═════ TASK DATA ═════

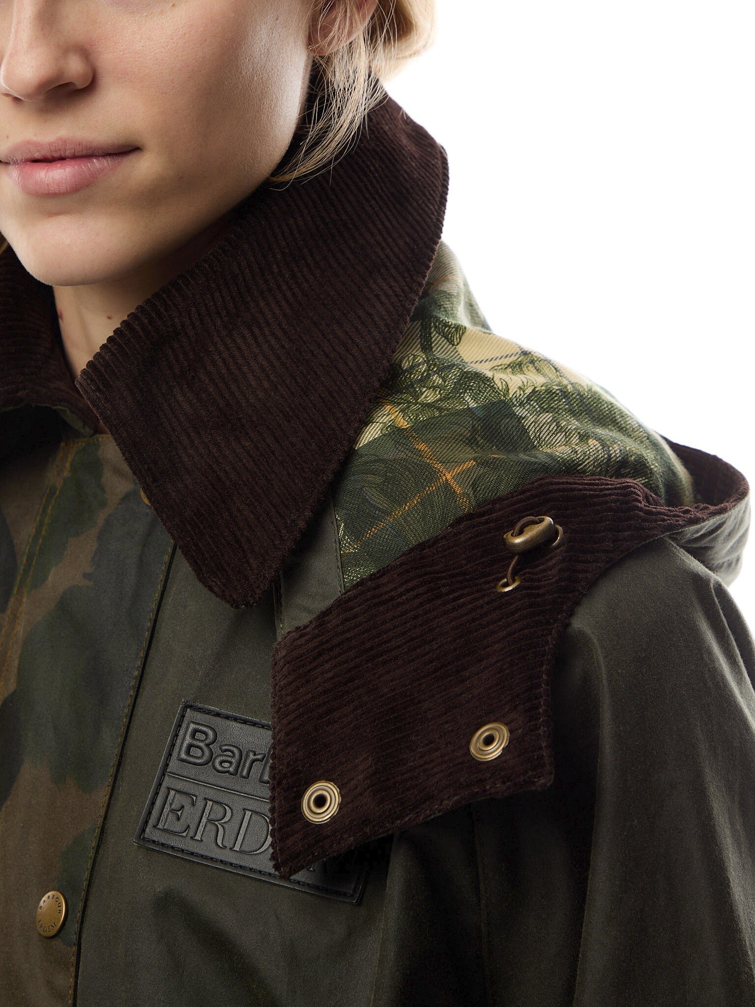 Barbour is renowned for its practicality and functional designs and ERDEM for its delicate and ultra-feminine detailing – the Barbour x ERDEM Datura Waxed Hood is the perfect balance of both. Detailed with a leather dual-branded logo patch and lined with tartan and hand drawn florals, this hood is designed to be paired with the Barbour x ERDEM Beauflower and Constance Waxed Jackets from this collaboration.
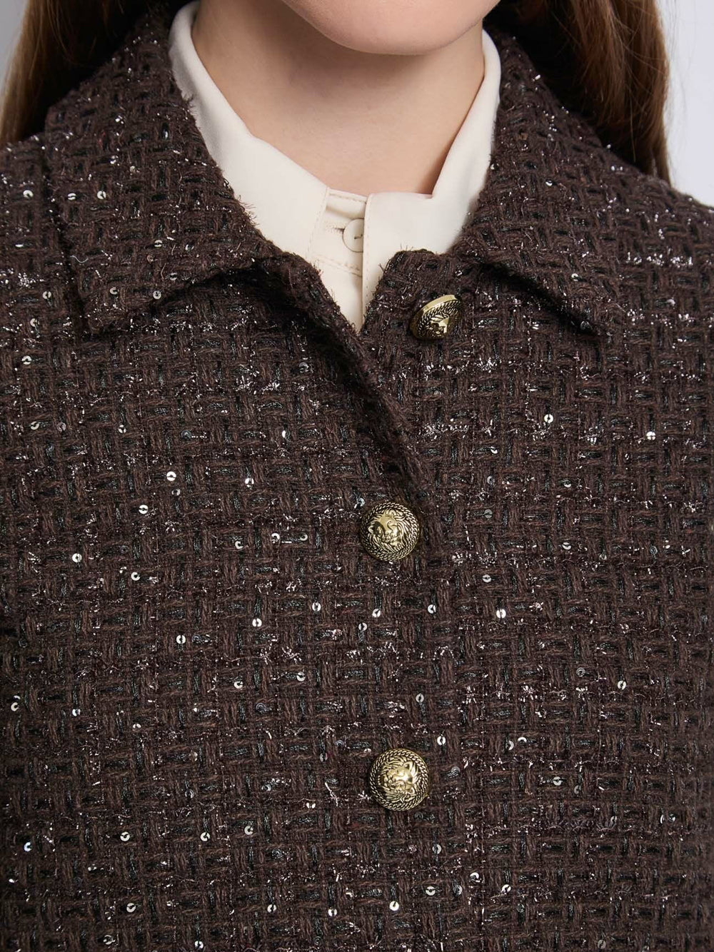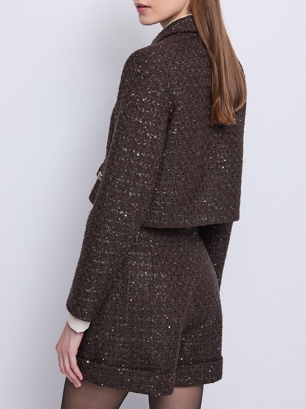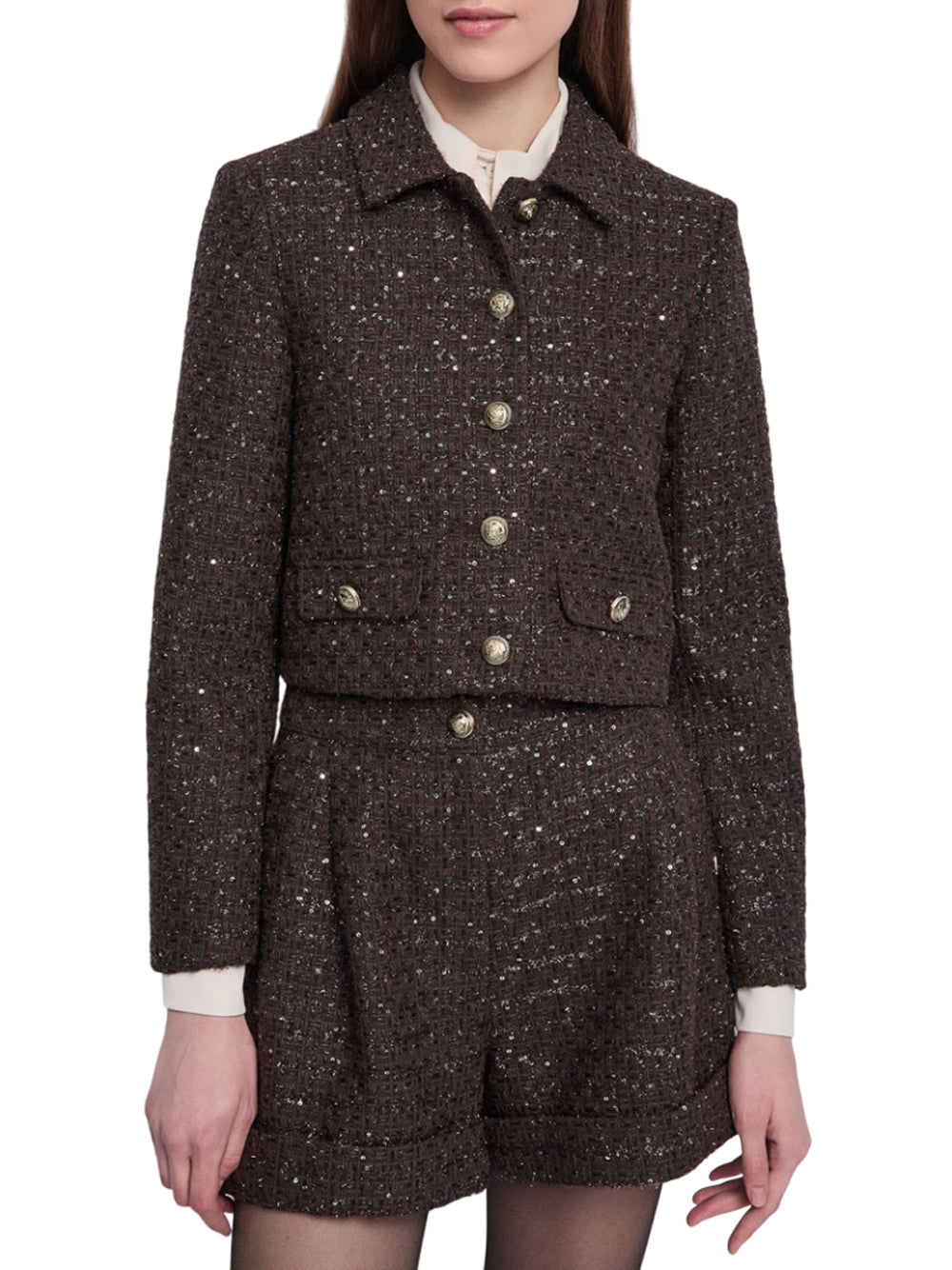 La giacca "Chocolate Plum" di Gaudi è un capo di abbigliamento femminile, perfetto per chi desidera distinguersi con eleganza. Realizzata in bouclé di misto lana e impreziosita da dettagli di lurex e paillettes, questa giacca offre un tocco glamour grazie ai suoi bottoni dorati. Ideale per un look luminoso e sofisticato.
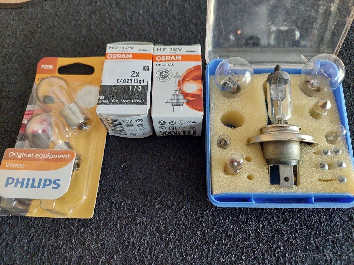 Nabízím žárovky do starších aut - 1x H4, 2x H7, několik obyč 12V. Viz foto. Nepoužité. Ideálně vše spolu. Brno, s poštovným se to neoplatí...
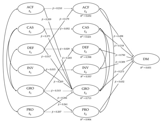 Final cross-lagged model results. Note: β: coefficient; : coefficient of determination; ACF: access to finance; CAS: cash; DEF: debt financing; INV: inventory; GRO: growth; PRO: profitability; MD: decision-making.
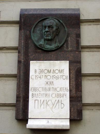 Пикулю В. С., мемориальная доска1996. Арх. Романовский Ф. К., скульптор Джибраев Ю. Г. Гранит, мрамор, бронза. Красноармейская 4-я ул., 16. (Ф-227) Персоны

═════

ABOUT THIS TASK :: Would you return the data above exactly as written, minus the images?

EXERCISE OUTPUT ::
 Barbour is renowned for its practicality and functional designs and ERDEM for its delicate and ultra-feminine detailing – the Barbour x ERDEM Datura Waxed Hood is the perfect balance of both. Detailed with a leather dual-branded logo patch and lined with tartan and hand drawn florals, this hood is designed to be paired with the Barbour x ERDEM Beauflower and Constance Waxed Jackets from this collaboration.
 La giacca "Chocolate Plum" di Gaudi è un capo di abbigliamento femminile, perfetto per chi desidera distinguersi con eleganza. Realizzata in bouclé di misto lana e impreziosita da dettagli di lurex e paillettes, questa giacca offre un tocco glamour grazie ai suoi bottoni dorati. Ideale per un look luminoso e sofisticato.
 Nabízím žárovky do starších aut - 1x H4, 2x H7, několik obyč 12V. Viz foto. Nepoužité. Ideálně vše spolu. Brno, s poštovným se to neoplatí...
 Final cross-lagged model results. Note: β: coefficient; : coefficient of determination; ACF: access to finance; CAS: cash; DEF: debt financing; INV: inventory; GRO: growth; PRO: profitability; MD: decision-making.
 Пикулю В. С., мемориальная доска1996. Арх. Романовский Ф. К., скульптор Джибраев Ю. Г. Гранит, мрамор, бронза. Красноармейская 4-я ул., 16. (Ф-227) Персоны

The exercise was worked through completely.